This spell is no doubt in the category "fit within a strict RAW reading of Persistent Spell but certainly not within what it was actually intended to do", which was no doubt to restrict persisted spells to those affecting only the caster.

But there I entirely blame the game makers and not the players: Persistent Spell should REALLY have been written better to make it clear what it could do and couldn't do.

----------


## Biggus

> This spell is no doubt in the category "fit within a strict RAW reading of Persistent Spell but certainly not within what it was actually intended to do", which was no doubt to restrict persisted spells to those affecting only the caster.
> 
> But there I entirely blame the game makers and not the players: Persistent Spell should REALLY have been written better to make it clear what it could do and couldn't do.


Where are you getting the idea from that Persistent Spell was intended to only affect spells which affect the caster only? If that was the intent, why wouldn't they have just made it personal only?

----------


## Anthrowhale

> This spell is no doubt in the category "fit within a strict RAW reading of Persistent Spell but certainly not within what it was actually intended to do", which was no doubt to restrict persisted spells to those affecting only the caster.
> 
> But there I entirely blame the game makers and not the players: Persistent Spell should REALLY have been written better to make it clear what it could do and couldn't do.


If I recall correctly, this was actually addressed in the FAQ and deemed a reasonable use of a 9th level spell slot.
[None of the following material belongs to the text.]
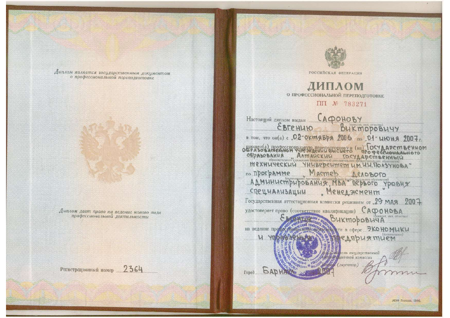 Алтайский государственный технический университет им. И.И. Ползунова — Экономика и управление на предприятии (по отраслям) — Барнаул

The difficulty with persistent spell is most often related to metamagic cost reduction rather than the effect.

----------


## Biggus

> If I recall correctly, this was actually addressed in the FAQ and deemed a reasonable use of a 9th level spell slot.


You have a good memory. 3.5 Main FAQ, p.92.
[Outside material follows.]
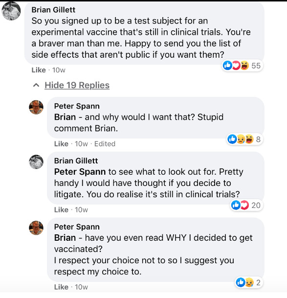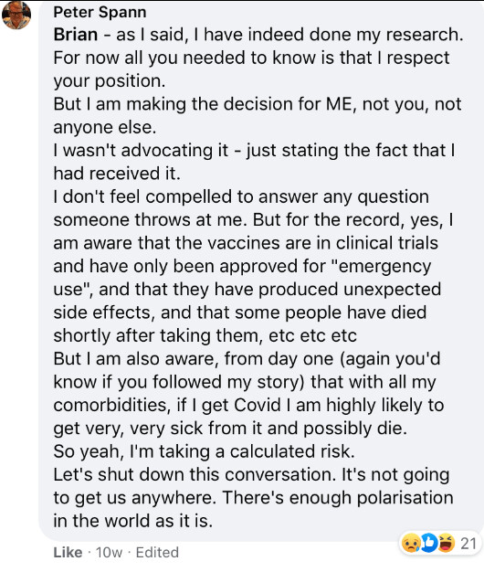 V tomto príspevku zosnulý píše, že vie o tom, že vakcína je v klinickom testovaní, že je len na núdzové použitie, že má množstvo vedľajšich účinkov vrátane úmrtia. Ale rozhodol sa zaočkovať, lebo si myslí, že ak by dostal Covid-19 tak zomrie.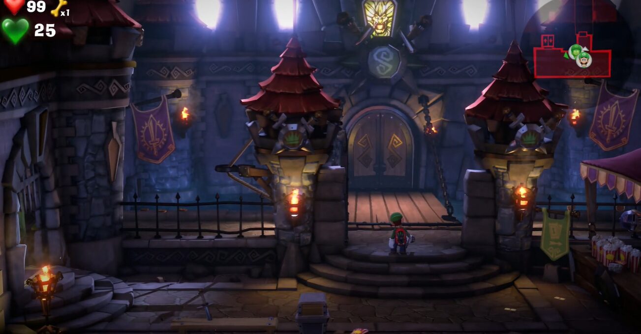 - グーイージでトゲを突破:階段を下る際、トゲのトラップに注意。グーイージを使ってトラップを解除し、宝箱を開けましょう。下に降りるとさらにトゲのトラップがあり、グーイージで鉄球を引っ張り、ルイージも通れるようにします。

> The difficulty with persistent spell is most often related to metamagic cost reduction rather than the effect.


Agreed.

----------


## GoodbyeSoberDay

In addition to the main ones Biggus listed, other party buffs include Interfaith Blessing (CC) and Blessing of the Righteous (PHBII). Eventually, MLV can also upgrade to Vigorous Circle (SpC). Don't forget longer-lasting buffs that you don't have to persist, like Greater Magic Weapon, Heroes' Feast, and Greater/Superior Resistance.

One thing that is theoretically available to a back-line cleric but perhaps not this particular cleric is access to defensive and utility spells via the Divine Magician ACF (CM). Examples include See Invisibility, Friendly Fire (EoE), and Loresong (Dragon 335).

----------


## Crake

> If I recall correctly, this was actually addressed in the FAQ and deemed a reasonable use of a 9th level spell slot.
> 
> The difficulty with persistent spell is most often related to metamagic cost reduction rather than the effect.
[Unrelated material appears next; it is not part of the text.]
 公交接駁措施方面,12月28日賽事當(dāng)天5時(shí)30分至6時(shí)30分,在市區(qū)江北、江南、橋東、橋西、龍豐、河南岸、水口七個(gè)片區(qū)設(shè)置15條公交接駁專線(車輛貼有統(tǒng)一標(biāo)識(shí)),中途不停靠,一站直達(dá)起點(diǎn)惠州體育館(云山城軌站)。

A houserule a DM of mine used was that you have to be able to cast the unmitigated version of the spell to be able to DMM it, so for a persisted 3rd level spell, youd need to already be able to cast 9th level spells

----------


## Anthrowhale

> A houserule a DM of mine used was that you have to be able to cast the unmitigated version of the spell to be able to DMM it, so for a persisted 3rd level spell, youd need to already be able to cast 9th level spells


That certainly helps. 

A high level Archivist/Spelldancer would plausibly still be excessive.  People make fun of spells which add numbers, but when you can persist many of them the accumulation can leave the game unbalanced.

----------


## Darg

> A houserule a DM of mine used was that you have to be able to cast the unmitigated version of the spell to be able to DMM it, so for a persisted 3rd level spell, youd need to already be able to cast 9th level spells


That's what we do. DMM applies the feat, not just the effect of the feat, unlike sudden metamagic. With it being a feat you still have to contend with the minimum caster level even though the spell slot doesn't change. It's cast as a higher level spell by the metamagic rules. This is specifically mentioned in the sudden metamagic feats for contrast. We also apply this to metamagic rods.

----------